FULL PRODUCT VERSION :
$ java -version
java version "1.5.0_16"
$ java -version
openjdk version "1.7.0-internal"
1.6.0_12-b04
(I think you'll find this is in about every version of java.)

ADDITIONAL OS VERSION INFORMATION :
All OSes.

A DESCRIPTION OF THE PROBLEM :
A logic error in SignatureParser.java makes it possible for a malformed signature to push the JVM into an infinite loop, which only ends when heap is exhausted.
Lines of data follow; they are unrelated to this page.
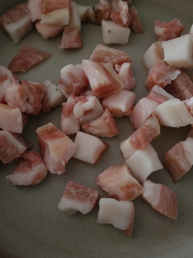 • Leg een beetje bechamelsaus op de bodem van een ovenschaal en begin alles samen te stellen, leg daarna de bladerdeeg, dan het krokante spek en de in stukjes gesneden mozzarella.
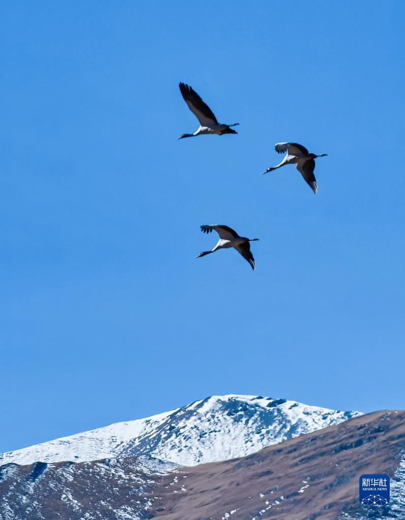 黑頸鶴在林周縣強嘎鄉(xiāng)上空飛翔(11月6日攝)。新華社記者 周荻瀟 攝
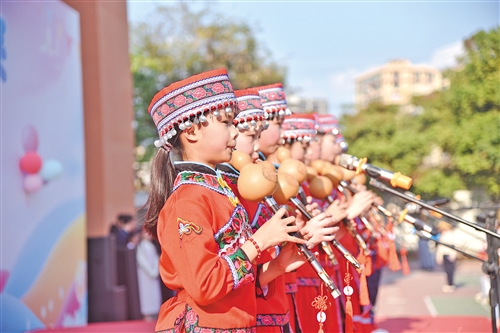 新兴小学葫芦丝团队参加元旦文艺汇演。(受访者供图)
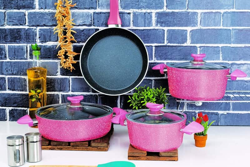 قابلمه تفلون صورتی رنگی بسیار جذاب دارد و در اندازه های مختلف موجود است.
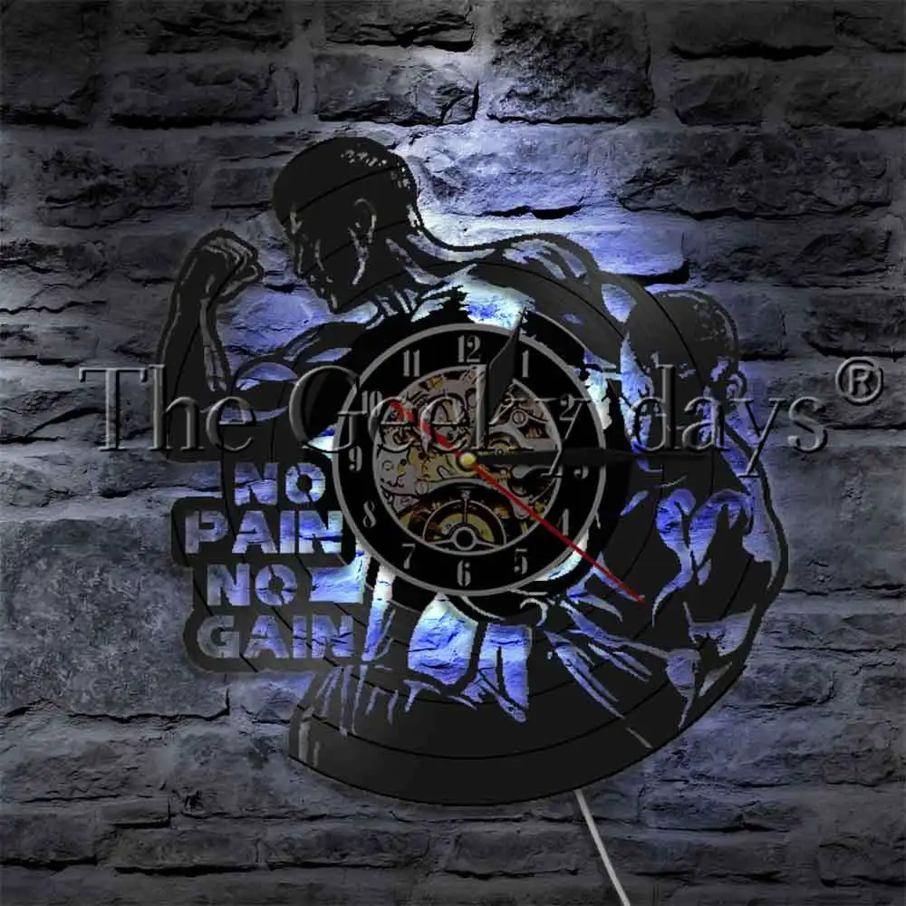 Comprar Peça No Pain no Gain 1 Academia de Musculação do Registro de Vinil Relógio de Parede GINÁSIO Relógio Do Esporte da Aptidão Home Decor Relógio de Parede fisiculturista Presente Baratas Online Preço.
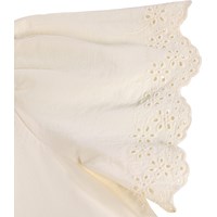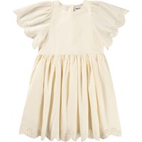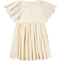 Off-white dress made of soft, organic cotton with elegant broderie anglaise at the sleeves and bottom. The dress has a round-cut, voluminous skirt made of light cotton poplin. The top has soft butterfly sleeves that fall gently over the shoulders, as well as an invisible zip at the back for easy dressing and undressing.
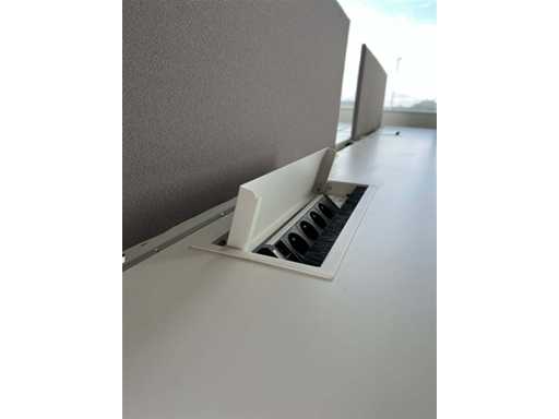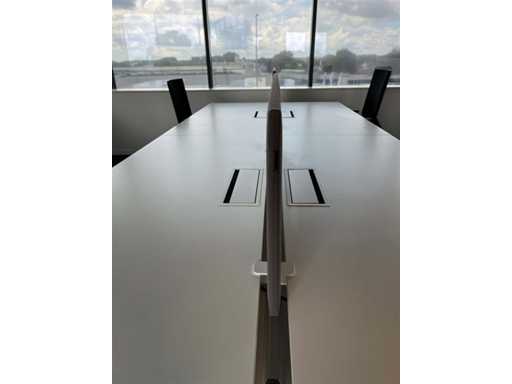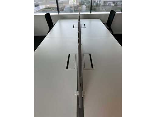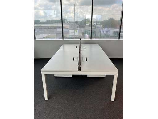 PAMI 4p Workbench B320xD160xH74 - wit melamine bovenblad / witte U-poot, normale gebruikssporen, zonder elektrificatie en stoelen/ladenblokken
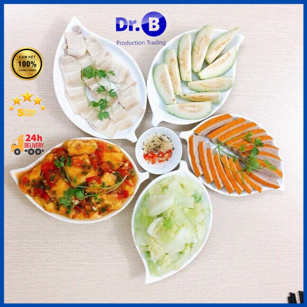 Bộ đĩa gốm sứ nghệ thuật Bát Tràng hình lá trầu men trắng tinh, dày dặn và rất đẹpCÔNG TY GIA DỤNG DRB CAM KẾT:
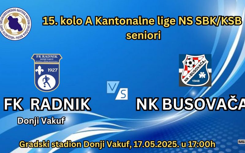 17.05.2025. na Gradskom stadionu u Donjem Vakufu sa početkom u 17:00h naši seniori dočekuju ekipu NK Busovača. Donjovakufljani su lideri na tabeli, što potvrđuju iz kola u kolo svojim dobrim igrama.
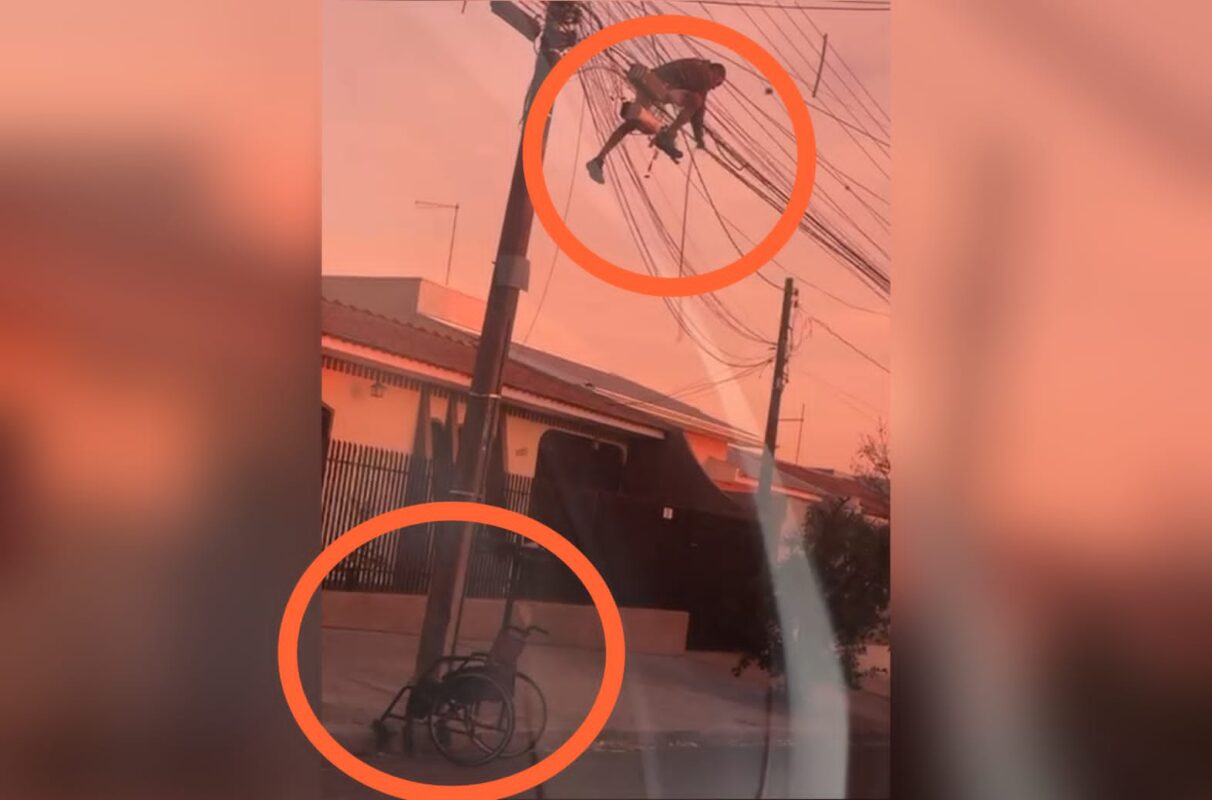Uma cena inusitada chamou a atenção de moradores do Jardim Alvorada, em Maringá. Imagens registradas por um morador mostram um cadeirante em cima de um poste furtando fiação telefônica.
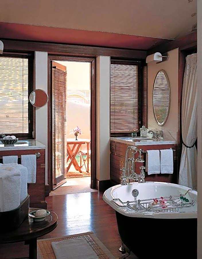The elegant tents feature hand embroidered and block printed fabrics, teak wood floors, a four poster bed and a dressing room with a walk in closet. Bathrooms have a colonial style free-standing bathtub and a separate shower.
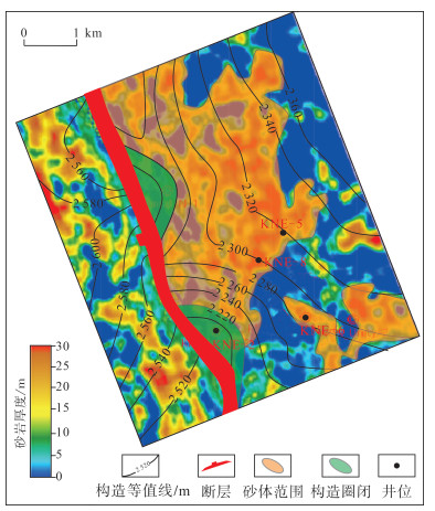 下载原图 图 15 南苏丹Muglad盆地K地区白垩系Aradeiba组砂岩分布与构造叠合图 Fig. 15 Sandstone distribution and structural superposition map of Cretaceous Aradeiba Formation in K area, Muglad Basin, South Sudan |
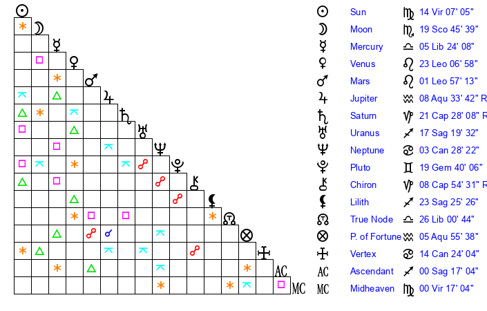 | Sun | 14 Virgo 7 | 15 Virgo 19 | 17 Capricorn 16 |

STEPS TO FOLLOW TO REPRODUCE THE PROBLEM :
Compile and run the attached program.

EXPECTED VERSUS ACTUAL BEHAVIOR :
EXPECTED -
Something like "parse error, malformed method descriptor."
ACTUAL -
<twiddle twiddle twiddle> boom.

ERROR MESSAGES/STACK TRACES THAT OCCUR :
Exception in thread "main" java.lang.OutOfMemoryError: Java heap space
	at java.util.ArrayList.ensureCapacity(ArrayList.java:169)
	at java.util.ArrayList.add(ArrayList.java:351)
	at sun.reflect.generics.parser.SignatureParser.parseFormalTypeParameters(SignatureParser.java:190)
	at sun.reflect.generics.parser.SignatureParser.parseZeroOrMoreFormalTypeParameters(SignatureParser.java:177)
	at sun.reflect.generics.parser.SignatureParser.parseMethodTypeSignature(SignatureParser.java:436)
	at sun.reflect.generics.parser.SignatureParser.parseMethodSig(SignatureParser.java:141)
	at SigP.main(SigP.java:8)


REPRODUCIBILITY :
This bug can be reproduced always.

---------- BEGIN SOURCE ----------
import sun.reflect.generics.parser.SignatureParser;

public class SigP {
  public static void main(String[] args) {
    SignatureParser sp = SignatureParser.make();
    String sig = "<T:Lscala/tools/nsc/symtab/Names;Lscala/tools/nsc/symtab/Symbols;Lscala/tools/nsc/symtab/Types;Lscala/tools/nsc/symtab/Scopes;Lscala/tools/nsc/symtab/Definitions;Lscala/tools/nsc/symtab/Constants;Lscala/tools/nsc/symtab/BaseTypeSeqs;Lscala/tools/nsc/symtab/InfoTransformers;Lscala/tools/nsc/symtab/StdNames;Lscala/tools/nsc/symtab/AnnotationInfos;Lscala/tools/nsc/symtab/AnnotationCheckers;Lscala/tools/nsc/ast/Trees;Lscala/ScalaObject.Symbol;>(TT;Lscala/tools/nsc/symtab/Names;Lscala/tools/nsc/symtab/Symbols;Lscala/tools/nsc/symtab/Types;Lscala/tools/nsc/symtab/Scopes;Lscala/tools/nsc/symtab/Definitions;Lscala/tools/nsc/symtab/Constants;Lscala/tools/nsc/symtab/BaseTypeSeqs;Lscala/tools/nsc/symtab/InfoTransformers;Lscala/tools/nsc/symtab/StdNames;Lscala/tools/nsc/symtab/AnnotationInfos;Lscala/tools/nsc/symtab/AnnotationCheckers;Lscala/tools/nsc/ast/Trees;Lscala/ScalaObject.Type;)TT;";
    
    sp.parseMethodSig(sig);
  }
}
---------- END SOURCE ----------

CUSTOMER SUBMITTED WORKAROUND :
  Fix SignatureParser and rebuild the jdk.  The exploitable logic around line 210:

while (current() != '>') {
	ftps.add(parseFormalTypeParameter());
}

It is possible for parseFormalTypeParameter() not to advance the input, so this will loop indefinitely, allocating new empty type parameters until it exhausts its rope.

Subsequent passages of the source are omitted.